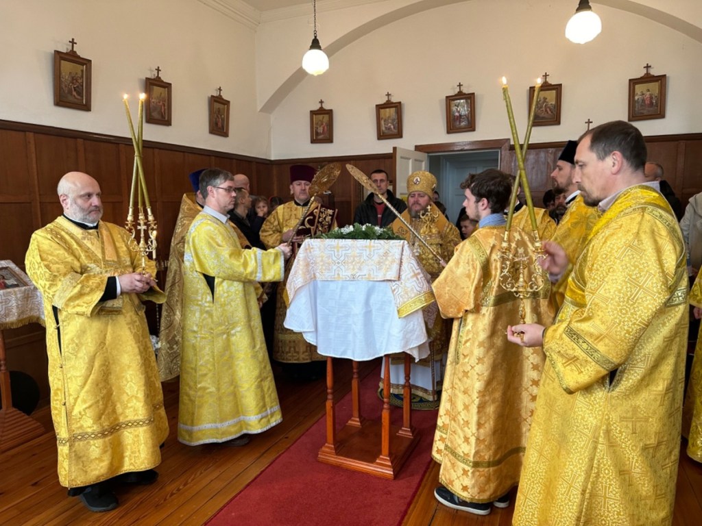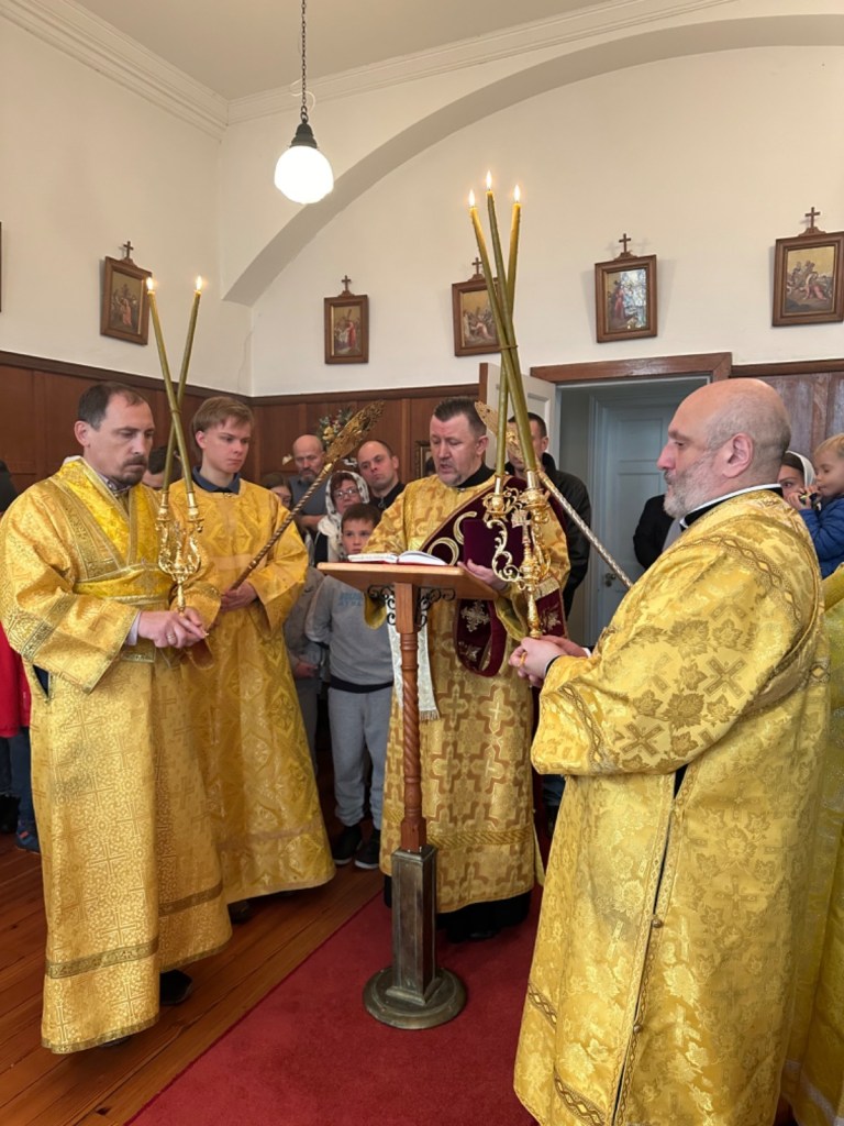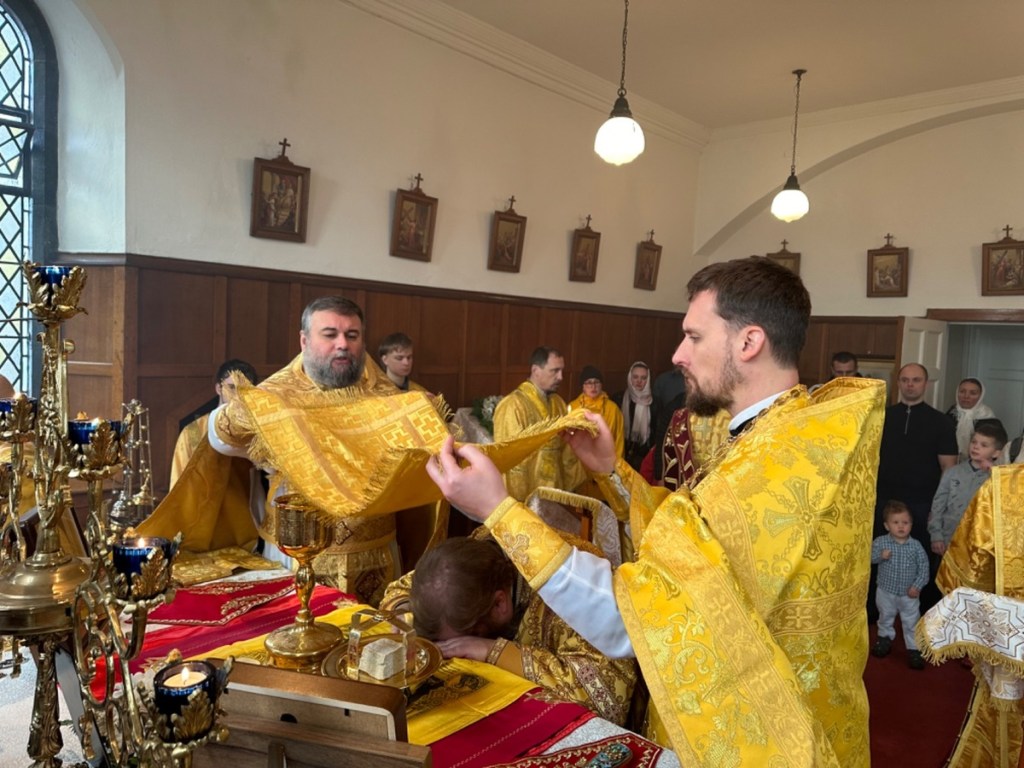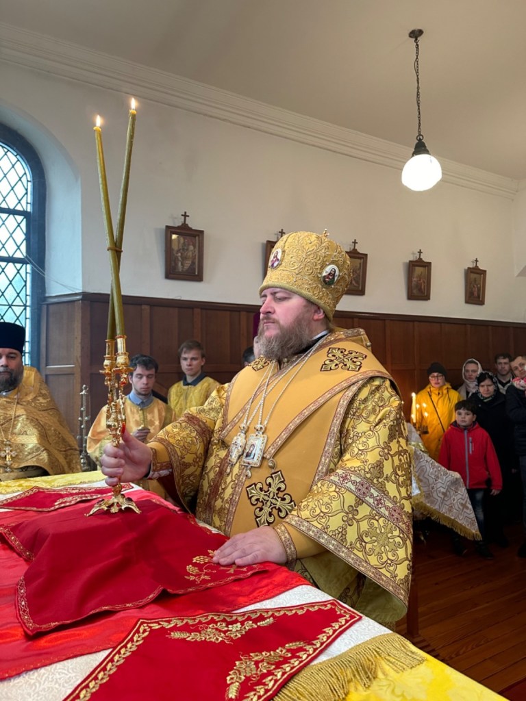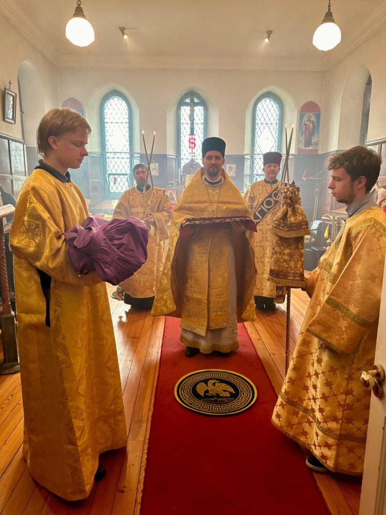 За Божественной литургией Его Преосвященству сослужили: секретарь Сурожской епархии протоиерей Димитрий Недоступенко, настоятель общины иерей Иоанн Казадоев, клирики Петропавловского храма г. Дублина диакон Сергий Старовойтов и диакон Иоанн Чернелевски.
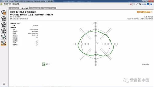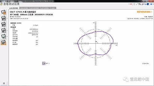 進(jìn)入分析數(shù)據(jù),在左側(cè)根據(jù)要求選擇“中國標(biāo)準(zhǔn)GB/T 17421.4” 進(jìn)行分析,并記錄“圓度偏差G”,注意:CCW和CW分別代表逆時(shí)針和順時(shí)針運(yùn)行,都需要記錄。如本例分別為:11.9μm(CCW)和11.5μm(CW)。
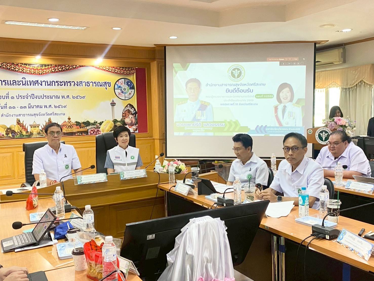 นายแพทย์ลักษณะเลิศ วรรณภาสนี ผู้อำนวยการโรงพยาบาลศรีสะเกษ พร้อมด้วยคณะผู้บริหาร แพทย์ พยาบาล และเจ้าหน้าที่โรงพยาบาลศรีสะเกษ ที่มีส่วนเกี่ยวข้อง ร่วมประชุมสรุปผลตรวจราชการ และนิเทศงาน กรณีปกติ รอบที่ 1 ประจำปีงบประมาณ พ.ศ. 2569
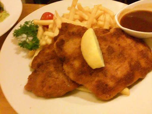 I called around 18:45 to try to book a table for 20:00, but they told me restaurant was full. They suggested that they will see what they can do when we arrive. Luckily it wasn’t too busy when we arrived. There were Interesting paintings on the wall and historical interior design, nice and relaxing atmosphere. The staffs were very friendly, attentive, and efficient. We were served very quickly. Thumbs up for the service team! The foods were very delicious and the amount were really generous ( two pieces of Schnitzel even it wasn’t mentioned...
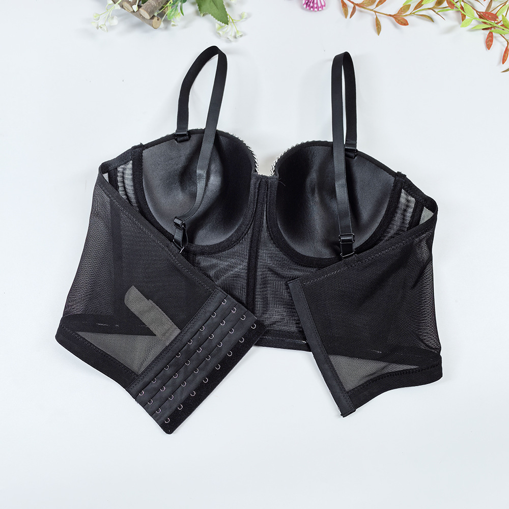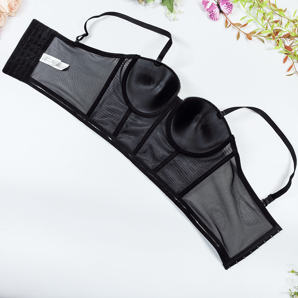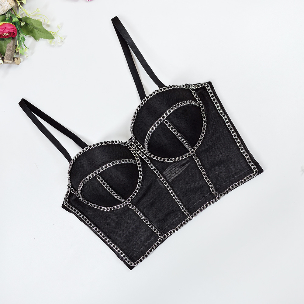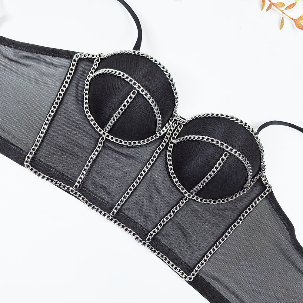 欧美跨境透气网纱抹胸外穿一体杯鱼骨内衣露背性感链条装饰吊带女
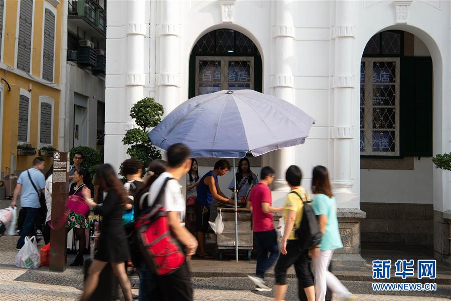 11月18日,在位于澳门新马路的古早小食“潘荣记”,游客围观购买金钱饼。“潘荣记”金钱饼在澳门已有70多年历史,这家车仔档几乎每天都排长龙,老板售完即止。金钱饼的制作材料非常简单,只有鸡蛋、面粉、牛油和糖,刚烤好的金钱饼金灿灿的,入口即化、回味无穷。 新华社记者 张金加 摄
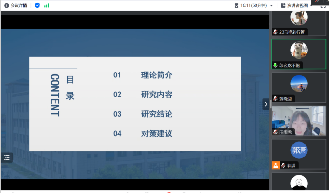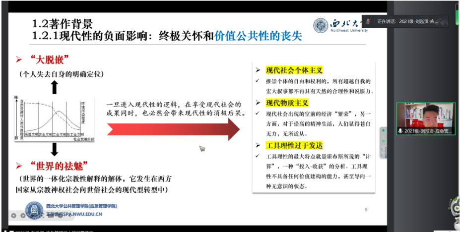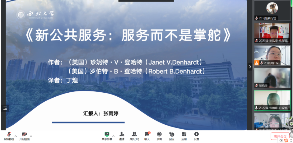 2024年4月13日上午,我院于线上举办了2024年第8期正学读书会。西北大学565net必赢2021级应急管理专业硕士研究生刘泓贤、2022级行政管理专业硕士研究生张雨婷、徐嘉乐,2021级应用心理学专业硕士研究生王佳乐、2022级社会保障专业硕士研究生田雨浠、2023级行政管理专业硕士研究生赵俊超分别作为主讲人进行读书汇报,565net必赢2023级博士研究生贺晓迎担任评议人,部分研究生旁听了此次报告会。
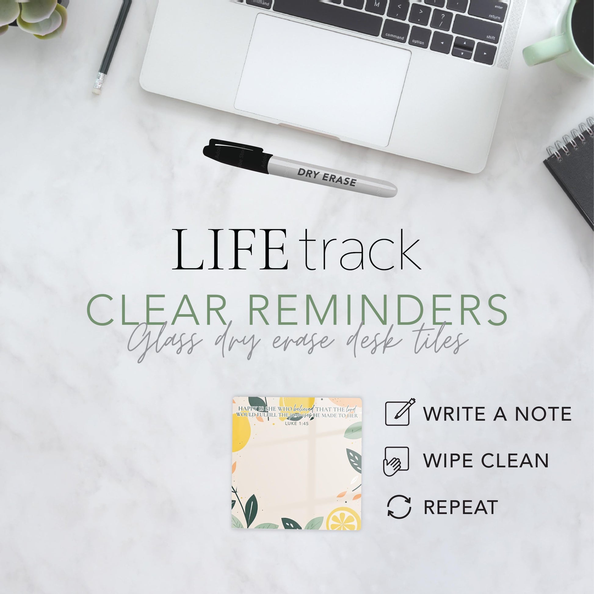 Handy and artsy! Clear Reminders are small, dry erase glass tiles, which are perfect to jot down a note or two on! Vibrant and beautiful,they’re easy to wipe clean and provide a little pop of fun décor to switch in and out. Use with any dry erase marker. It’s a win/win when art meets practicality and makes for a great gift!
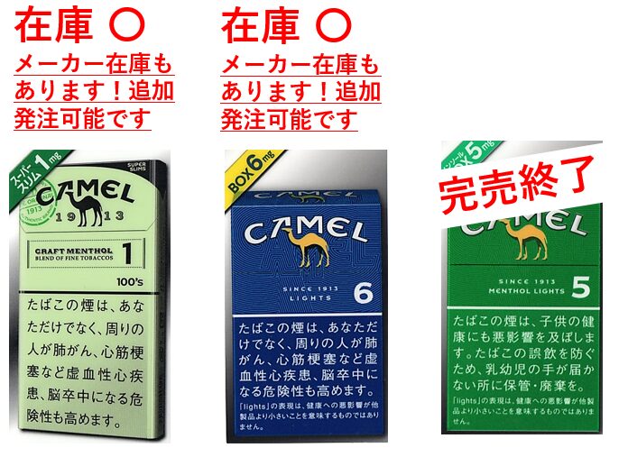 上記、JT製品で廃番となる「ウィンストンキャビンレッド2ミリ」、「ウィンストンキャビンレッド8ミリ100s」「ウィンストンキャスターホワイト1ミリBOX」、「キャメルクラフトメンソール1ミリ100sスリム」、「キャメルライトBOX」について、当店ではまだ在庫がございます!

Directions for this task: Your task is to repeat only the lines from the line containing "I called around" through the final line of the material, inclusive; do not include pictures.

Exercise result:
 I called around 18:45 to try to book a table for 20:00, but they told me restaurant was full. They suggested that they will see what they can do when we arrive. Luckily it wasn’t too busy when we arrived. There were Interesting paintings on the wall and historical interior design, nice and relaxing atmosphere. The staffs were very friendly, attentive, and efficient. We were served very quickly. Thumbs up for the service team! The foods were very delicious and the amount were really generous ( two pieces of Schnitzel even it wasn’t mentioned...
 欧美跨境透气网纱抹胸外穿一体杯鱼骨内衣露背性感链条装饰吊带女
 11月18日,在位于澳门新马路的古早小食“潘荣记”,游客围观购买金钱饼。“潘荣记”金钱饼在澳门已有70多年历史,这家车仔档几乎每天都排长龙,老板售完即止。金钱饼的制作材料非常简单,只有鸡蛋、面粉、牛油和糖,刚烤好的金钱饼金灿灿的,入口即化、回味无穷。 新华社记者 张金加 摄
 2024年4月13日上午,我院于线上举办了2024年第8期正学读书会。西北大学565net必赢2021级应急管理专业硕士研究生刘泓贤、2022级行政管理专业硕士研究生张雨婷、徐嘉乐,2021级应用心理学专业硕士研究生王佳乐、2022级社会保障专业硕士研究生田雨浠、2023级行政管理专业硕士研究生赵俊超分别作为主讲人进行读书汇报,565net必赢2023级博士研究生贺晓迎担任评议人,部分研究生旁听了此次报告会。
 Handy and artsy! Clear Reminders are small, dry erase glass tiles, which are perfect to jot down a note or two on! Vibrant and beautiful,they’re easy to wipe clean and provide a little pop of fun décor to switch in and out. Use with any dry erase marker. It’s a win/win when art meets practicality and makes for a great gift!
 上記、JT製品で廃番となる「ウィンストンキャビンレッド2ミリ」、「ウィンストンキャビンレッド8ミリ100s」「ウィンストンキャスターホワイト1ミリBOX」、「キャメルクラフトメンソール1ミリ100sスリム」、「キャメルライトBOX」について、当店ではまだ在庫がございます!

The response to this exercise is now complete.